New Texas Report Details Opportunities to Keep Moms Healthy During the Fourth Trimester

“If we want kids, moms, and communities to thrive in Texas, then we need to help local moms stay healthy.”

            — Adriana Kohler, Senior Health Policy Associate, Texans Care for Children

A new report, Healthy Moms Raising Healthy Babies: Central Texas and Statewide Challenges and Opportunities to Support Maternal Behavioral Health During the First Year After Childbirth, paints a clear picture of why supporting maternal behavioral health during the fourth trimester is vital to ensuring that Texas’ moms, kids, and their families are able to thrive in life.

First a little background. Across Texas, drug overdose is the leading cause of maternal death up to one year after childbirth, suicide is the fifth leading cause of maternal death, and many more mothers face pregnancy complications that too often have long-term health consequences for mothers and babies. The report notes that Texas has the highest uninsured rate in the nation for women of childbearing age (25 percent) and cuts off Medicaid health insurance for mothers about 60 days after childbirth.

This new report from Texans Care for Children found that the Central Texas region has the fourth highest maternal death rate out of the state’s eight health regions.  It details how untreated behavioral health conditions — such as maternal depression and substance use disorders — affect many new mothers in the region during the first year after childbirth and undermine their health and their babies’ health. And while treatment works, the authors found that for a few key reasons, treatment is often out of reach for many moms. The report authors found that women of color in Austin and the surrounding communities, understandably fear the consequences of admitting they need help.

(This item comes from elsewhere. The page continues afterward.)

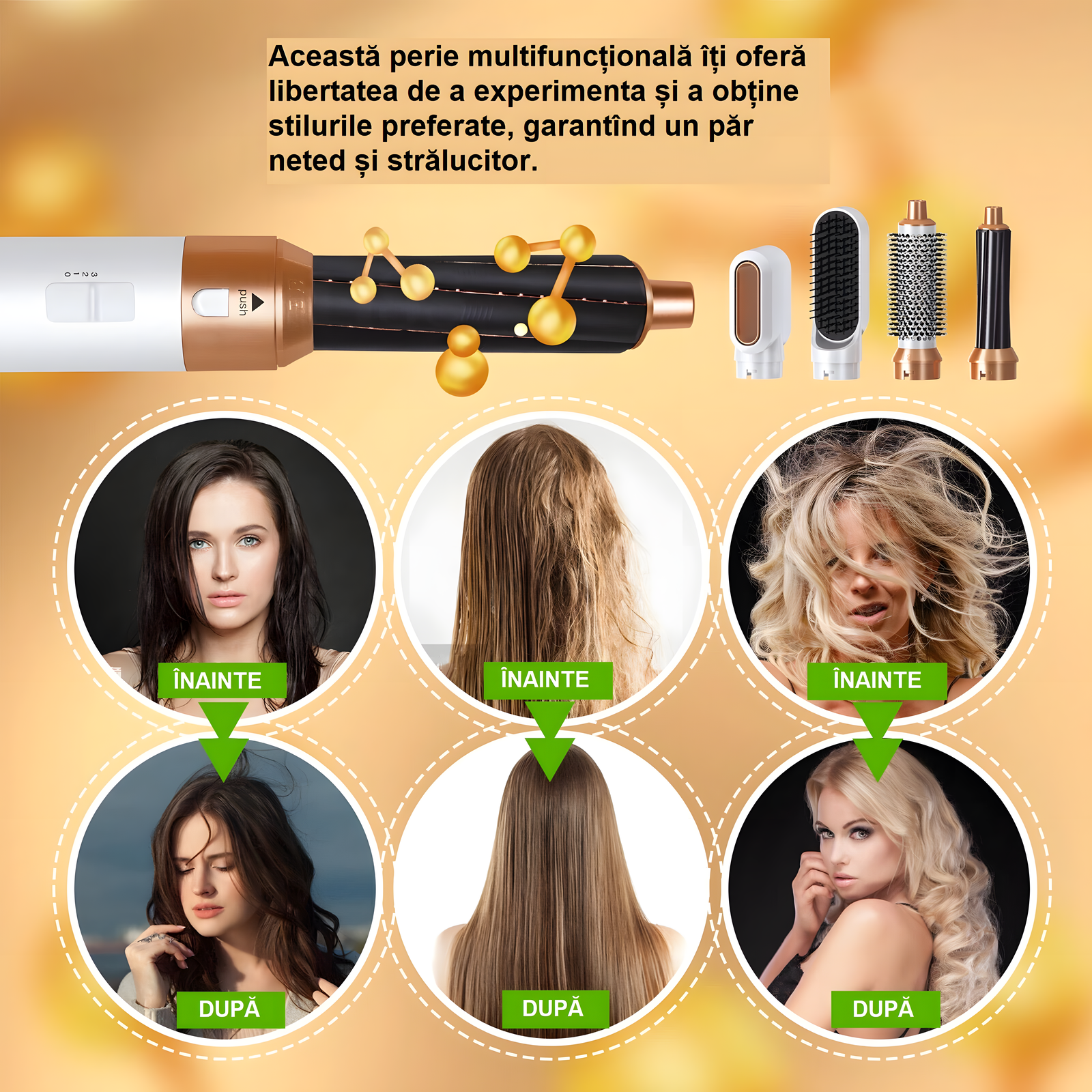 Peria electrica de par cu 7 capete interschimbabile este un instrument inovator si multifunctional, proiectat pentru a oferi utilizatorilor o experienta de coafare completa si personalizata. Cu capacitati de uscare, ondulare, indreptare si coafare a parului, aceasta perie este un ajutor versatil pentru oricine isi doreste sa-si imbunatateasca stilul in confortul propriului camin sau in miscare.

The report also identifies ways that community leaders — including local officials, health care providers, philanthropic foundations, and others — can improve support for local mothers during the first year after childbirth. While the report has a special focus on Central Texas, the data, findings, and action steps have implications for all Texas communities and beyond.

Key findings include:

  • Central Texas has significant maternal health challenges.
  • Central Texas must address the particular challenges that the region’s Black women and other women of color face as a result of the current and historical factors described in this report.
  • Key barriers limit access to maternal health support in Central Texas, including a lack of insurance coverage for postpartum behavioral health care for mothers, a lack of transportation to medical appointments, and too few trained behavioral health providers available to meet the needs of uninsured mothers.
  • There are underutilized opportunities to support maternal health in the region, including: raising awareness of the Healthy Texas Women program, increasing confidence to screen and refer clients for behavioral health challenges among Central Texas health professionals, co-locating medical and behavioral health services for mothers, and improving the availability and funding for doulas, perinatal community health workers, and other labor and postpartum supports beneficial for new mothers.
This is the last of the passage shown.